Attempted Strategy 2: Insert at Random Position
What if we found a random empty spot? But heaps don't have random empty spots. The array is densely packed because heaps are complete binary trees—every index from 0 to n-1 is occupied. We can't just place an element anywhere.
Attempted Strategy 3: Find Correct Position First
We might try scanning the heap to find where the new element "should" go based on its value. But this would require O(n) comparisons in the worst case, and after insertion, we'd still need to shift elements. This is no better than a sorted array.
The heap's solution is elegant: insert at the end, then fix upward. By adding the element at the first available position (maintaining the complete tree structure) and then "bubbling" it up to its correct location, we achieve O(log n) insertion with minimal disruption.
The heap separates two concerns: (1) Maintaining the complete binary tree shape (solved by always inserting at the end); (2) Maintaining the heap ordering property (solved by bubbling up). This separation is what makes heaps efficient—shape maintenance is O(1), and order restoration is O(log n).
The bubble-up algorithm (also called heapify-up, sift-up, up-heap, or percolate-up) is the core mechanism for restoring the heap property after insertion.

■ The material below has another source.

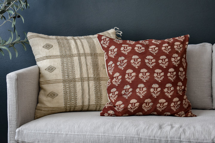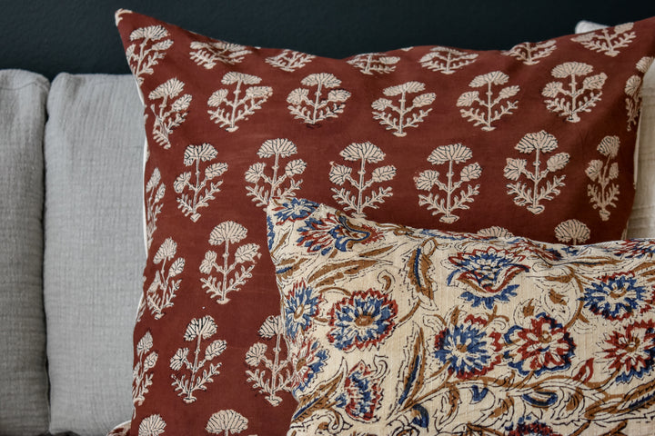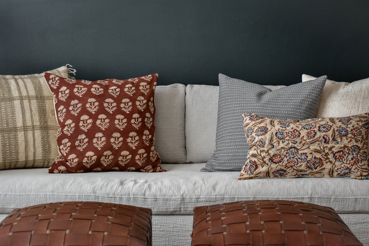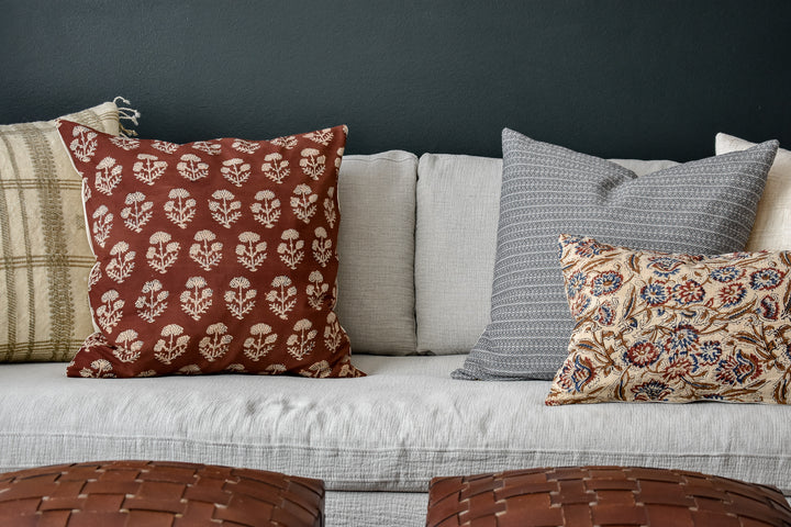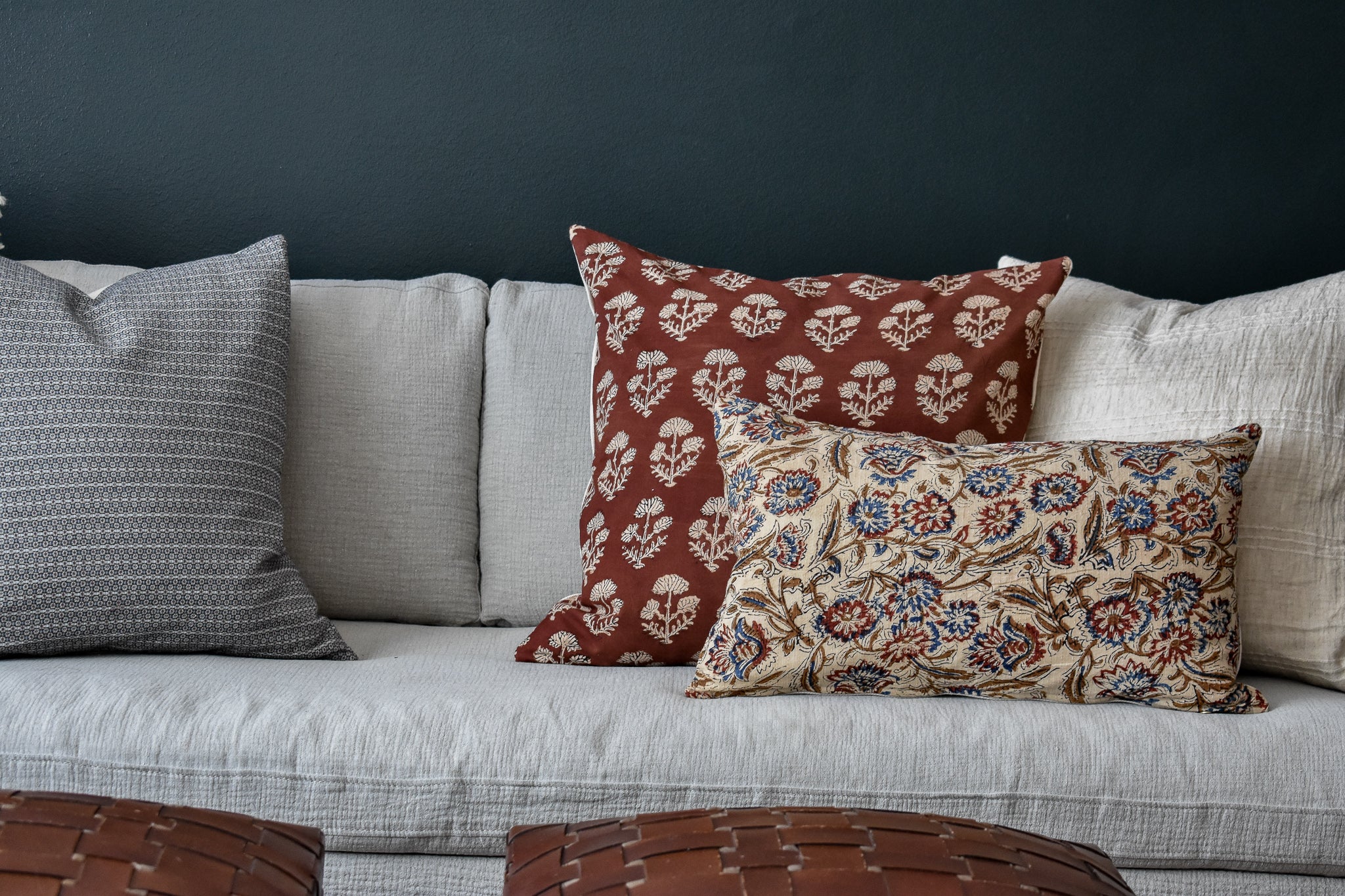 Our Indian Block Print Pillows are a true labor of love. Each is completely one of a kind and can't be found anywhere else in the world. Their rich colors and intricate details elevate any space and add a gorgeous cultural dimension to any room!

Let's define it precisely.
Algorithm: Bubble-Up for Max-Heap
BUBBLE-UP(heap, index):
while index > 0:
parent_index = (index - 1) // 2
if heap[index] > heap[parent_index]:
swap heap[index] and heap[parent_index]
index = parent_index
else:
break // Heap property satisfied
Step-by-Step Mechanics:
(index - 1) // 2| Relationship | Formula | Example (index = 5) |
|---|---|---|
| Parent of index i | (i - 1) // 2 | (5 - 1) // 2 = 2 |
| Left child of index i | 2 * i + 1 | 2 * 2 + 1 = 5 |
| Right child of index i | 2 * i + 2 | 2 * 2 + 2 = 6 |
Why These Formulas Work:
The formulas derive from the level-order indexing of a complete binary tree:
The parent formula (i - 1) // 2 works because within each level, nodes are paired with their parent from the previous level. The integer division naturally handles both left and right children: left child 2i + 1 and right child 2i + 2 both map back to parent i when the formula is applied.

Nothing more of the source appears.